- Born: 7 May 1995 (age 31) Amman, Jordan

Gymnastics career
- Discipline: Men's artistic gymnastics
- Country represented: Jordan;
- Head coach: Gurgen Sirekanian
- Medal record
Men's artistic gymnastics
Representing Jordan
World Championships
| Silver medal – second place | 2022 Liverpool | Pommel horse |
| Bronze medal – third place | 2023 Antwerp | Pommel horse |
Asian Championships
| Gold medal – first place | 2019 Ulaanbaatar | Pommel horse |
| Gold medal – first place | 2022 Doha | Pommel horse |
| Silver medal – second place | 2023 Singapore | Pommel horse |
| Bronze medal – third place | 2024 Tashkent | Pommel horse |
Islamic Solidarity Games
| Gold medal – first place | 2021 Konya | Pommel horse |
FIG World Cup
| Event | 1st | 2nd | 3rd |
| Apparatus World Cup | 2 | 2 | 2 |
| World Challenge Cup | 2 | 0 | 2 |
| Total | 4 | 2 | 4 |

= Ahmad Abu Al-Soud =

Jordanian artistic gymnast (born 1995)

Ahmad Abu Al-Soud (احمد ابو السعود; born 5 July 1995) is a Jordanian artistic gymnast. He became the first gymnast from Jordan to medal at the World Artistic Gymnastics Championships when he won the silver medal on pommel horse at the 2022 World Championships. He then won the bronze medal on the pommel horse at the 2023 World Championships. He is also the 2019 and 2022 Asian champion on the pommel horse. He represented Jordan at the 2024 Summer Olympics, the first gymnast from Jordan to do so.

== Career ==
Abu Al-Soud began gymnastics when he was four years old. He considered retiring in 2015, but his coach encouraged him to continue.

Abu Al-Soud won the bronze medal on the pommel horse at the 2016 Mersin World Challenge Cup. He placed sixth on the pommel horse at the 2017 Koper World Challenge Cup. His first World Championships was in 2017, and he finished 36th on pommel horse in the qualification round. He won his first major international medal at the 2019 Asian Championships, a gold on the pommel horse.
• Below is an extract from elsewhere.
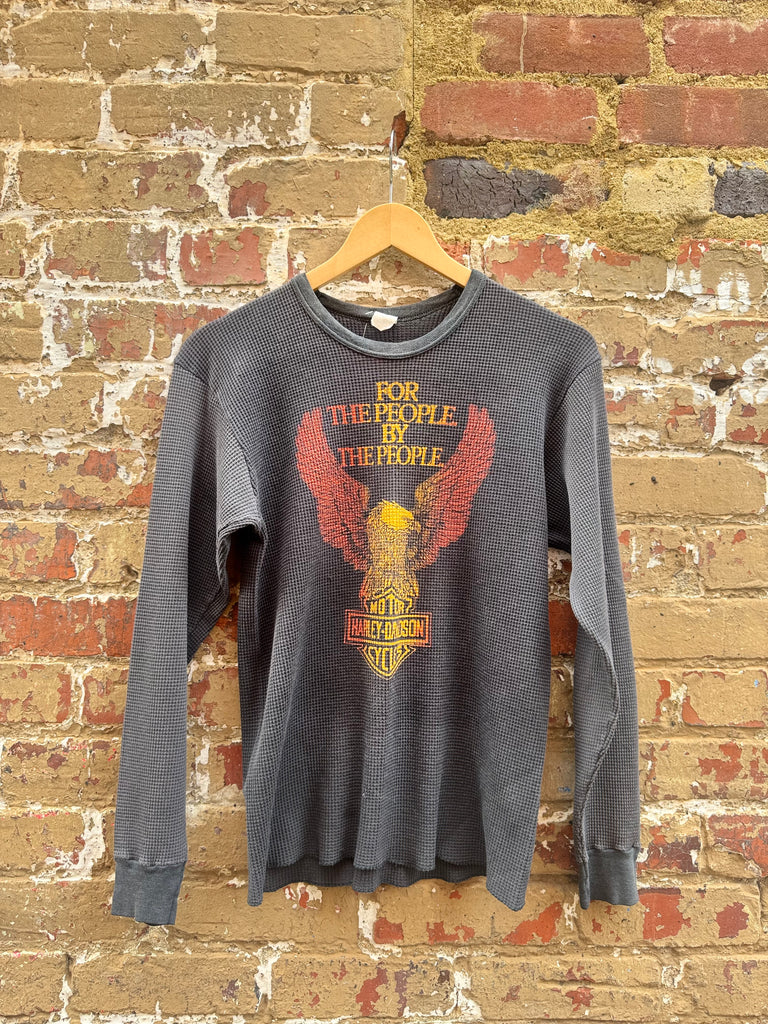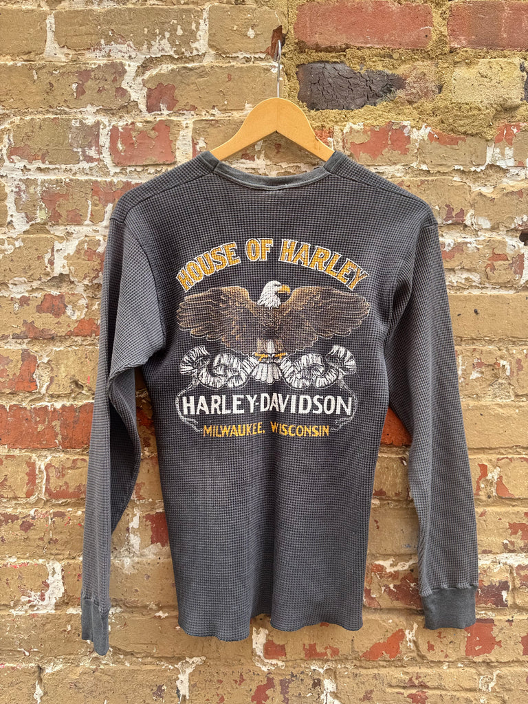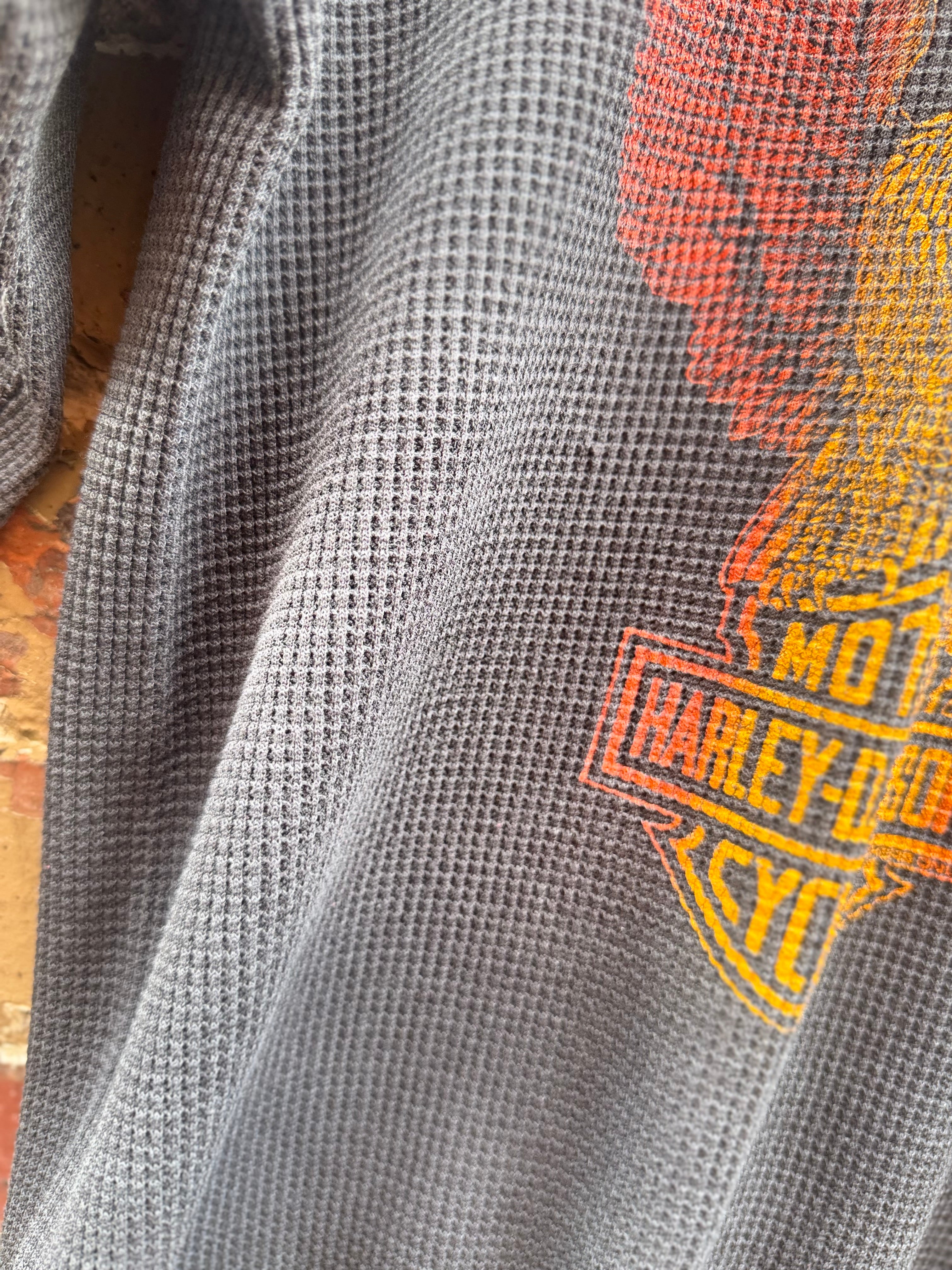 Vintage Harley Davidson Thermal Grey and Black Long Sleeve Top Mens Medium

He won his first FIG World Cup gold medal at the 2021 Mersin World Challenge Cup on the pommel horse.

=== 2022 ===
Abu Al-Soud began the 2022 season with a bronze medal on the pommel horse at the Cairo World Cup. He won another pommel horse bronze medal at the Varna World Challenge Cup. Then at the Asian Championships, he defended his pommel horse title. At the 2021 Islamic Solidarity Games (held in 2022 due to the COVID-19 pandemic), he was a flag bearer in the opening ceremony alongside Aliya Boshnak. He won the gold medal in the pommel horse final.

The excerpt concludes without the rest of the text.